The lack of training data was probably the biggest challenge for KGE. As Imai puts it, had the engineers set out to train an AI to recognise pictures of cats and dogs, the job would have been far easier, simply because the internet is overrun with pictures of cats and dogs. Pictures of underground cavities – or, more specifically, radar images of them – are, by contrast, much rarer, and also not as cute.
There are also other things underground, such as chunks of stone or concrete, which create radar signals that humans might mistake for cavities. KGE therefore decided that abnormalities that humans mistook for cavities should also be included in the training data, effectively doubling the original amount of data and bringing down the false positive detection rate.
During test runs on this enhanced dataset, KGE found that the Zinrai AI was ultimately able to identify underground cavities with an accuracy of about 82%, compared with 80% for humans. This may not seem like a huge leap statistically, but at the same time it has reduced primary detection time for underground anomalies by 90%, accomplishing in seconds what used to take engineers hours. When the time taken to manually check the AI’s work is factored in, this is closer to a 50% time saving, still impressive by any measure.

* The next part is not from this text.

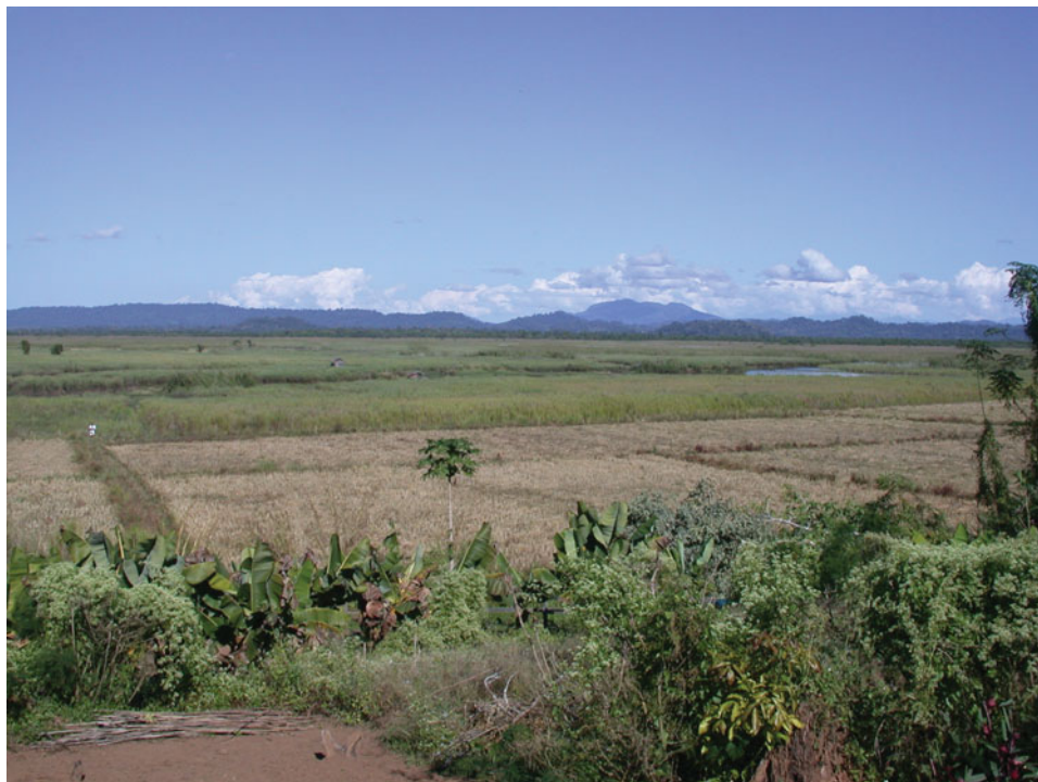
Figure 5. Nawng Kwin wetland, Kachin State. The photograph is taken from the point from where a possible sighting of Pink-headed Duck was made in December 2004.

p. haringtoni , the most widespread subspecies of Spot-billed Duck in South-East Asia. It does not, however, rule out another subspecies, A. p. zonorhyncha , which has very reduced white in the tertials, and which was recorded in the lowlands of Kachin state during the November–December 2004 survey (Tordoff et al. in press).

Imai also notes that when human engineers are examining the printed data, they are often prone to looking into specific areas on the paper, potentially missing crucial information. “Equipping ourselves with AI adds objectivity to what we are analysing and trying to survey, which is another benefit,” he says.

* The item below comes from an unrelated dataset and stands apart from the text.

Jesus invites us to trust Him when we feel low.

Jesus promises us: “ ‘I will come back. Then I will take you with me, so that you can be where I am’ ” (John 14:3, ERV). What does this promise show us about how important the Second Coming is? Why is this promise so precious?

Enhancing human competency
Sakagami emphasises that this does not mean KGE is cutting back on the number of engineers it employs. He takes the view that AI should “enhance the competency of humans”.
“Specialist engineers will always be needed,” he says. “Developing AI and developing engineers are two sides of the same coin for our business.”
Although the service has yet to be offered to a paying customer, Imai says the initial stages are to make the internal work as efficient as possible.
KGE is also working on a more compact, mobile version of the radar technology that can be installed on unadapted local government vehicles so that more data can be collected during day-to-day operations. It hopes this will result in a commercial product in 2021 or 2022.
“Our intent is to evolve this as a service to outside customers eventually,” says Imai.